Rethinking Evaluation
When you first try out a new LLM — say a new competitor to ChatGPT has just hit the market — what’s your process? If you’re like me, you don’t start by checking benchmark scores or reading academic papers. Instead, you dive in and start actually using it. You ask questions, challenge responses, and naturally develop a feel for its capabilities and limitations. I think that this intuitive evaluation process actually hints at something profound about how we need to approach testing non-deterministic systems.
Humans excel at evaluating outputs that exist in shades of gray rather than binary states. We can instantly recognize when a response is technically correct but misses the point, or when it’s slightly imperfect but deeply insightful. We understand context, detect nuance, and judge appropriateness in ways that automated tests simply cannot match.

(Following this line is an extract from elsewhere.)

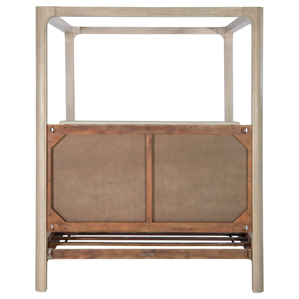 Airy and architectural, this canopy bed brings sculptural presence and soft romance to the bedroom. Gracefully arched posts frame a tall silhouette, while an upholstered headboard adds a tailored layer of texture and comfort. Designed with a platform panel base, it offers lasting support without the need for a foundation. Crafted from mahogany, engineered wood, mango veneer, and fabric, this piece blends strength and serenity in perfect harmony. Key Features: • Queen canopy bed with arched frame and soft upholstery for graceful architectural impact • Weathered mango finish brings organic warmth and visible wood grain to the frame • Beige upholstered headboard adds texture, comfort, and tailored visual balance • Slat kit with platform panels supports mattress without requiring a foundation • Crafted from mahogany, engineered wood, mango veneer, and soft polyester fabric • Perfect for creating a statement centerpiece with peaceful proportion and structure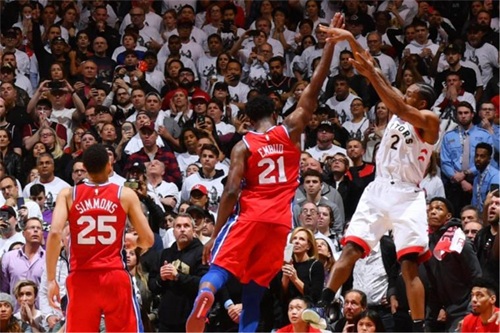 “当时就在这里发生了,当莱昂纳德带领猛龙队打入东部决赛时,他就站在莱昂纳德右边的角落里。”时间还剩4.2秒,莱昂纳德来到底角,本-西蒙斯漏掉了莱昂纳德,使得莱昂纳德直面乔尔-恩比德的防守,投出了一记高弧线投篮,经过四次弹跳之后,最终落入了篮筐。”

The key insight isn’t just that humans are good at evaluating LLM outputs — it’s that human feedback, when properly structured and scaled, could provide a more meaningful measure of improvement than any predetermined benchmark. Instead of asking “Does this model score better on academic test X?” we should be asking “Do users find this model more helpful in achieving their real-world goals?”
Trusting Your Gut (at Scale)
In my opinion, it seems we’re already seeing two distinct patterns emerge for scaling human feedback in LLM testing, and both show promise.
The first approach is what I’ll call the customer-driven feedback loop. OpenAI’s ChatGPT offers a perfect example. Have you noticed how it sometimes generates two responses and asks which one you prefer? That’s not just for show. They’re essentially running a massive, continuous A/B test, collecting real user preferences at scale. It’s brilliant in its simplicity: users naturally engage with the system, make quick comparative judgments, and provide valuable feedback without even feeling like they’re part of a testing process.
The second pattern I see taking hold is community-driven development. Take IBM and Red Hat’s InstructLab project (which I first heard of during one of the aforementioned events) as one example — though it’s certainly not the only one. InstructLab provides a framework where developers can contribute improvements through a familiar GitHub-esc workflow. Contributors create these things called “skill recipes” with example questions and answers, which are then used to generate synthetic training data. The community reviews these contributions, and approved changes are integrated into model updates.
What I think is fascinating is that both of these approaches acknowledge the same fundamental truth: you can’t effectively test a non-deterministic system with deterministic methods. Instead of fighting against this reality, these approaches lean into it, using human judgment as a tool rather than an obstacle.
Embracing the Unpredictable
In the end, I really do think that true solution may not be to try harder to make non-deterministic systems fit into our deterministic testing boxes. Instead, it may be to acknowledge that when we’re testing systems that “think” more like humans, we need evaluation methods that match that unpredictable nature.
This isn’t about outright abandoning any form of rigor, forbidding even a single element of determinism, or accepting complete chaos. It’s about recognizing that the most effective way to test an unpredictable system is likely with something equally unpredictable — human judgment, applied systematically and at scale. I personally think that the companies and projects that understand this first, and continuously and broadly apply it past the conceptual level and figure out how to harness human feedback effectively, will be the ones that define the next generation of AI development.
Sometimes the best way to test chaos isn’t with constants — it’s with chaos itself. Is it time for us to fight fire with fire?